Tue 15 May 2018
News - The Digital Director - Cybersecurity topics and the Board
Description
ILA’s Digital Director Working Group initiated the “Digital Director” Breakfast Roundtable Series on March 1st, with an event on Cybersecurity, "Cybersecurity topics and the Board", followed on May 9 by an event on Compliance, “Digitalisation, Compliance and the Board”.

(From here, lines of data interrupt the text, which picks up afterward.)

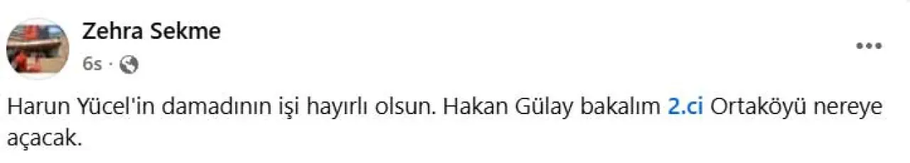 “Harun Yücel'in damadının işi hayırlı olsun. Hakan Gülay bakalım 2. Ortaköy’ü nereye açacak?”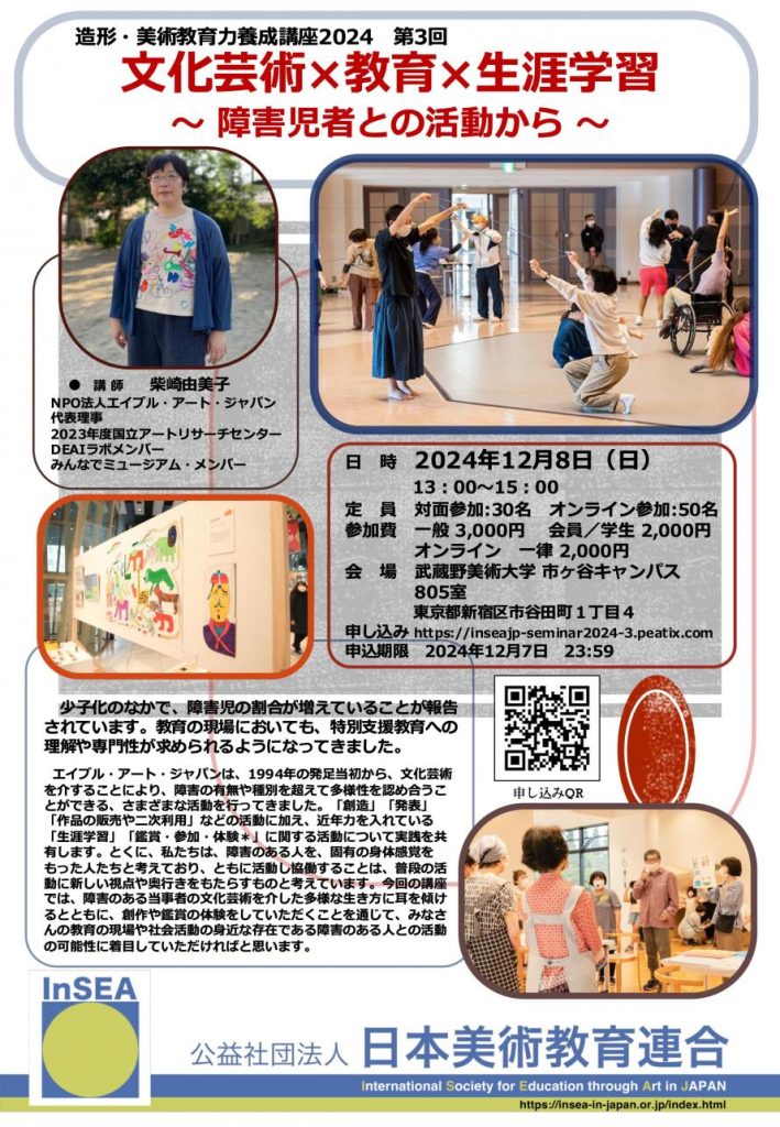 エイブル・アート・ジャパンは、1994年の発足当初から、文化芸術を介することにより、障害の有無や種別を超えて多様性を認め合うことができる、さまざまな活動を行ってきました。「創造」「発表」「作品の販売や二次利用」などの活動に加え、近年力を入れている「生涯学習」「鑑賞・参加・体験*」に関する活動について実践を共有します。とくに、私たちは、障害のある人を、固有の身体感覚をもった人たちと考えており、ともに活動し協働することは、普段の活動に新しい視点や奥行きをもたらすものと考えています。今回の講座では、障害のある当事者の文化芸術を介した多様な生き方に耳を傾けるとともに、創作や鑑賞の体験をしていただくことを通じて、みなさんの教育の現場や社会活動の身近な存在である障害のある人との活動の可能性に着目していただければと思います。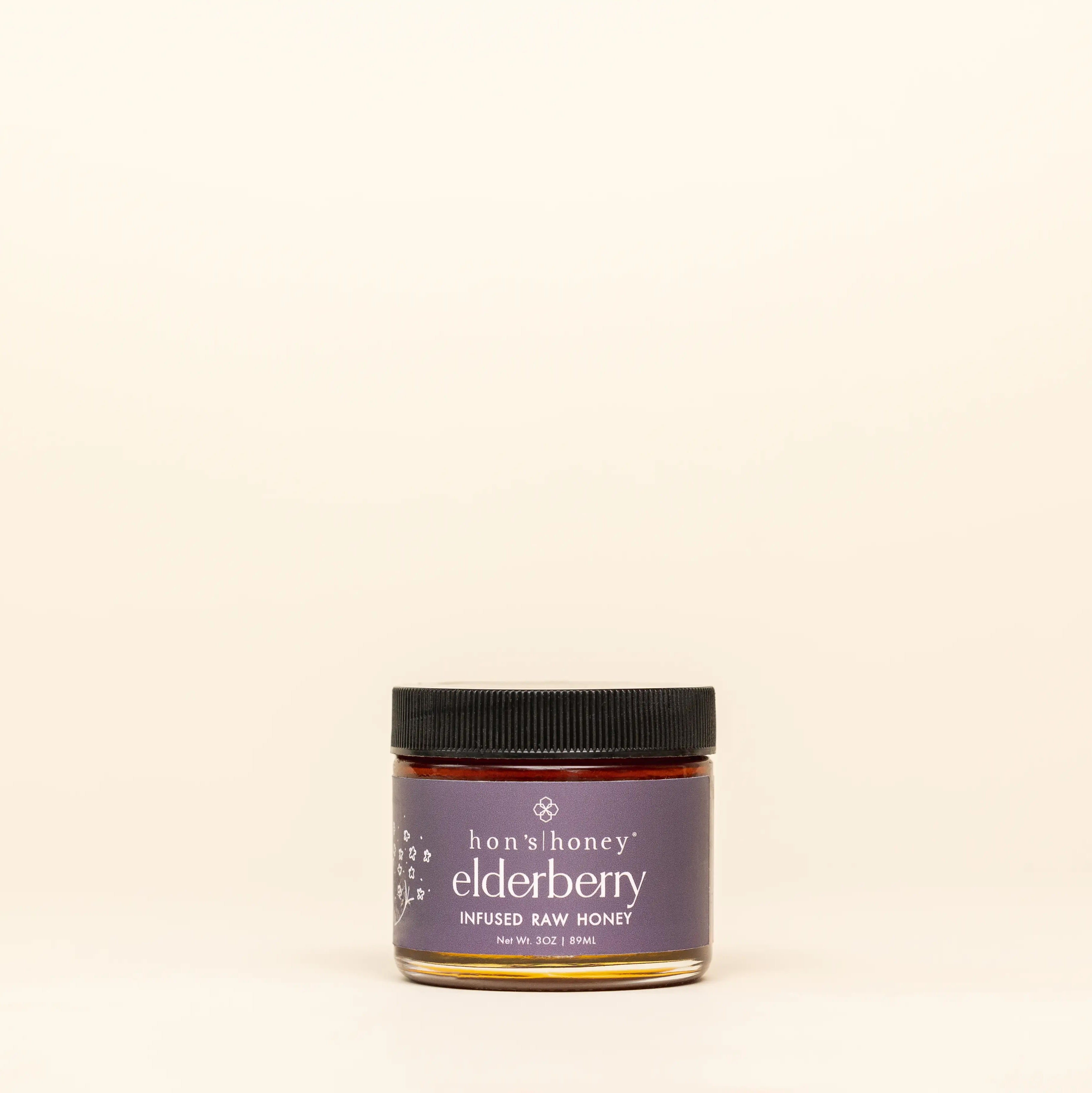 -Hon's Honey Elderberry Honey Sampler: Raw honey infused with elderberry and lemon peel to nourish your body.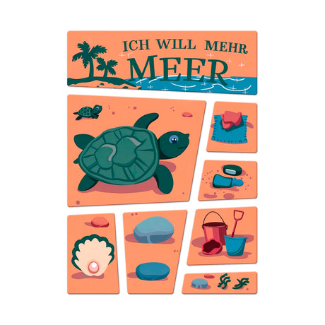 Ich will mehr Meer Sandstrand mit Palmen Kühlschrankmagnete im Set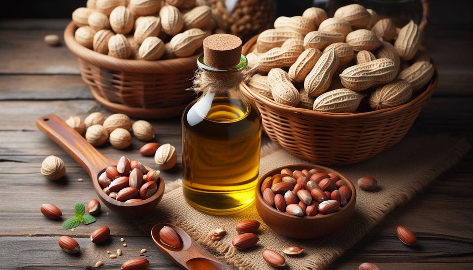 Groundnut oil contains monounsaturated fats that help maintain healthy cholesterol levels. Its high smoke point makes it suitable for deep frying and regular cooking without nutrient loss. Naturally rich in vitamin E, it supports heart health and antioxidant protection. The mild nutty taste enhances dishes without overpowering flavors. Traditional extraction preserves its nutritional value and quality.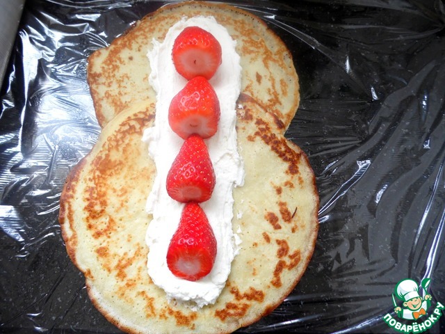 затем выложить ещё 2 блина смазать шоколадом и на них выложить рулет с ягодами, и завернуть, и так далее, выкладывать блины, смазывать шоколадом и заворачивать
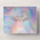 Elegant Mother-of-Pearl, colourful Wedding All-in-One Invitation (includes tear-off R.S.V.P.) with intricate flourishes. The mother-of-pearl background shimmers with colourful hues, adding a touch of iridescent elegance. Fully monogrammed in sophisticated grey script, allowing you to customise the details as you prefer.

The Cybersecurity roundtable, animated by Pascal Steichen, the head of Securitymadein.lu and Christophe Bianco, Managing Partner of Excellium Service, provided an overview of Cybersecurity from a Board level perspective. Issues discussed included:
  • How to approach cybersecurity as an enterprise-wide risk management issue, not just an IT issue.
  • Understanding the legal implications of cyber risks, and what insurance is necessary.
  • What the Board should have access to regarding cybersecurity expertise.
  • Getting adequate time for cyber risk management on board agendas
  • What Directors should set in term of expectations for management in establishing an enterprise cyber-risk management framework.
  • Which level of detail that Boards need to discuss regarding cyber risk management and risk treatment.

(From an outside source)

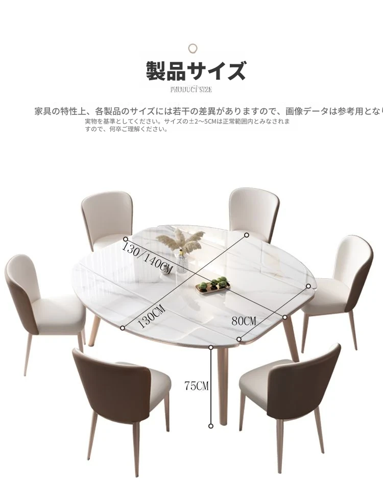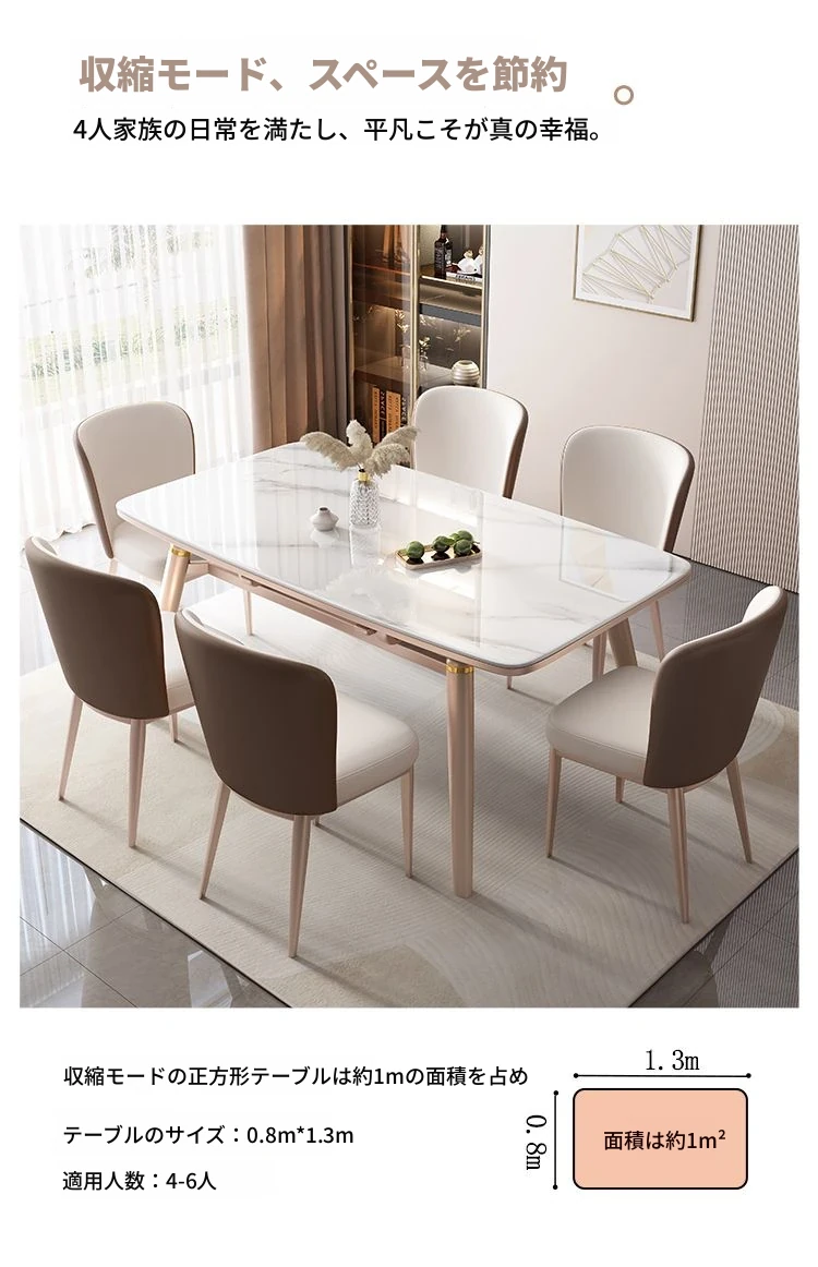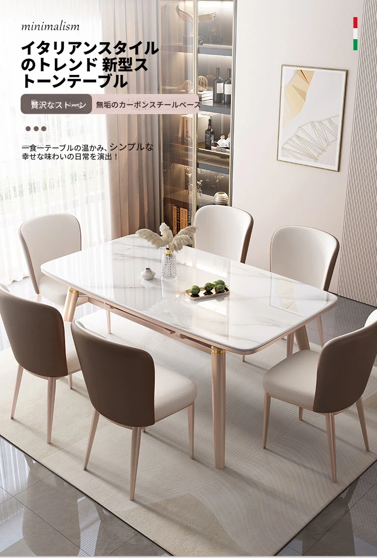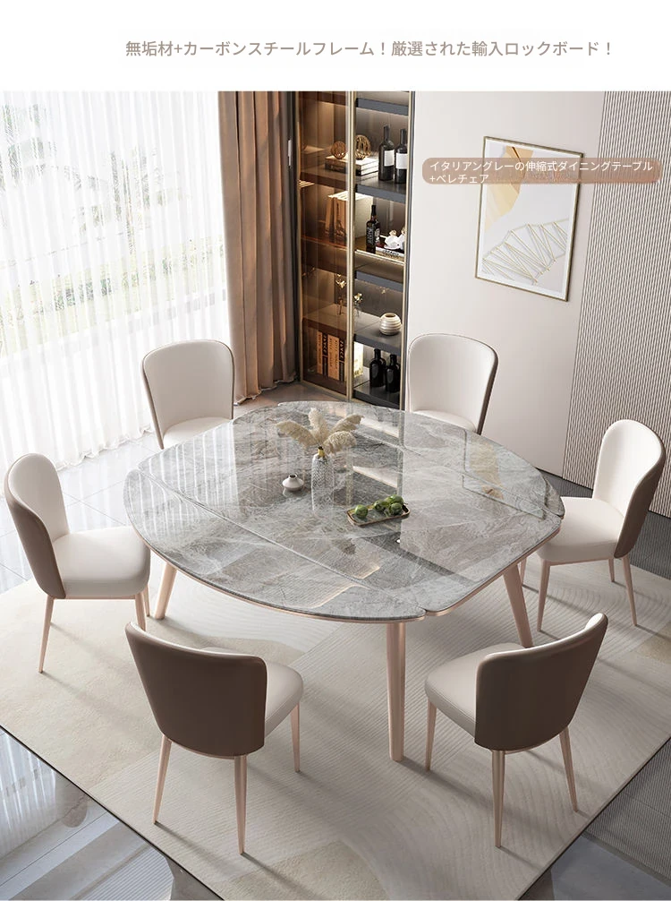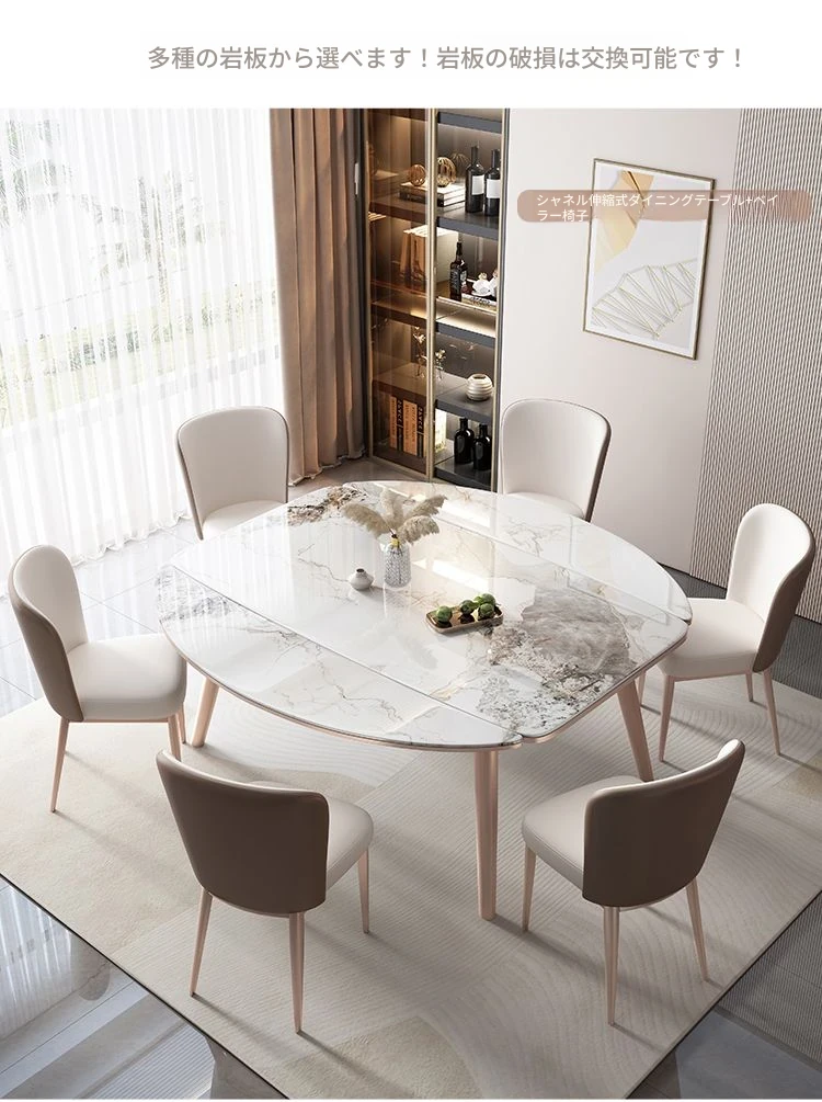 【12mm岩板】伸縮式ダイニングテーブル+広派椅子*6

A visit to Room42 concluded the session. Room42 is a crisis simulation centre operated by Securitymadein.lu inside the C3. Participants are completely immersed for 2 hours in a cyberattack simulation game designed to build skills suitable for real life situations.

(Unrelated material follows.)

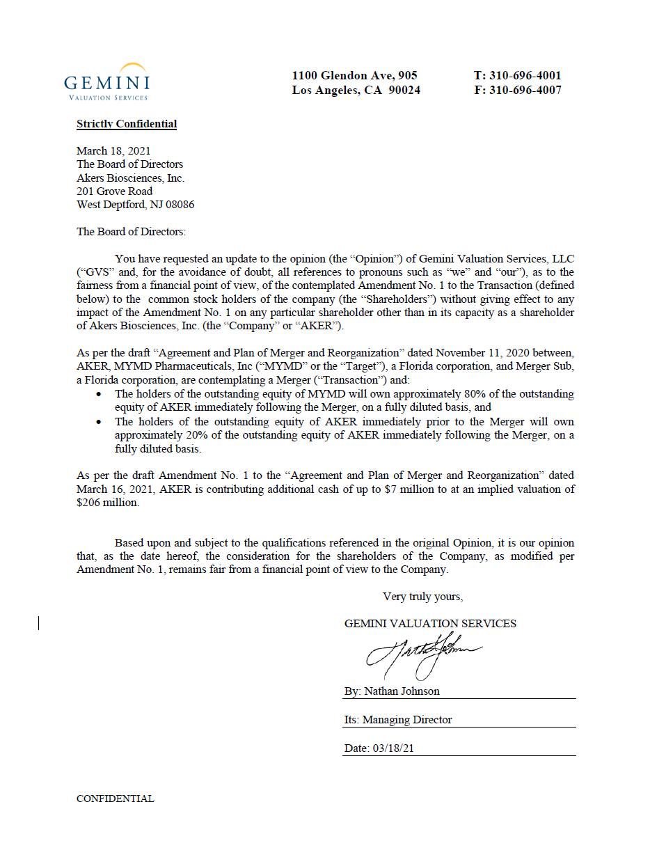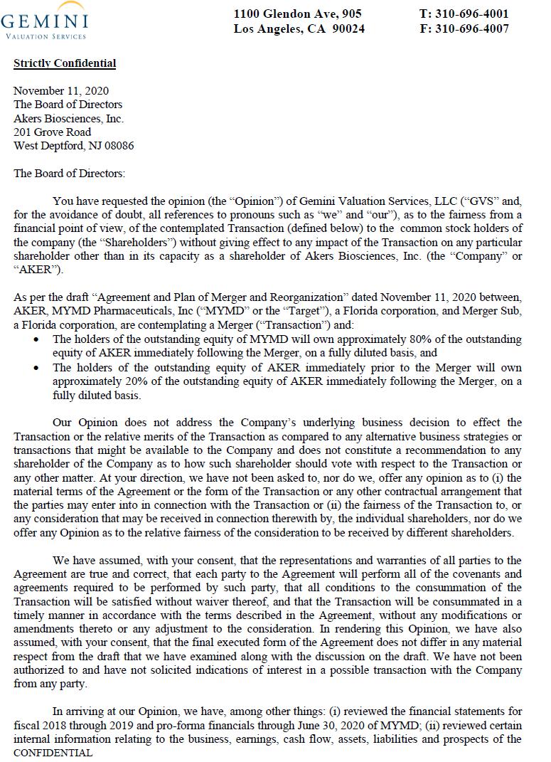 You should rely only on the information contained in this document. No one has been authorized to provide you with information that is different from that contained in this document. This document is dated March 23, 2021, and you should assume that the information in this document is accurate only as of such date. Neither the mailing nor delivery of this document to Akers stockholders or MYMD stockholders nor the issuance by Akers of shares of Akers common stock in connection with the merger will create any implication to the contrary.

In response to interest from attendees, we will offer an extended half day Cybersecurity training in September, using practical business cases targeted at board members on the following topics:
  • Data breach Management roles and responsibilities.
  • The board in a context of a cybersecurity incident.
  • Is Cyber Insurance an answer?
  • Regulation and risk management.




The Compliance roundtable, animated by Nadia Manzari, Karen O’Sullivan and David Hagen from the CSSF, and Bert Boerman of Governance.com connected the key topics of Digitalisation, Compliance and the Board. Issues discussed included:
  • What is digitalisation as it relates to compliance, why is it an important topic for the board?
  • Some examples of how a successful digital compliance strategy can help you.
  • What are the responsibilities of the Board regarding digitalisation of compliance?
  • What are the compliance risks of not doing anything regarding digitalisation?
  • Where is your business in its compliance digitalisation journey and how do you assess this?
  • What can you do to help you drive digitalisation of your compliance processes both in the board and in the organisation?
  • The difference between the roles of Fund Boards vs Corporate Boards in the Digitalisation context.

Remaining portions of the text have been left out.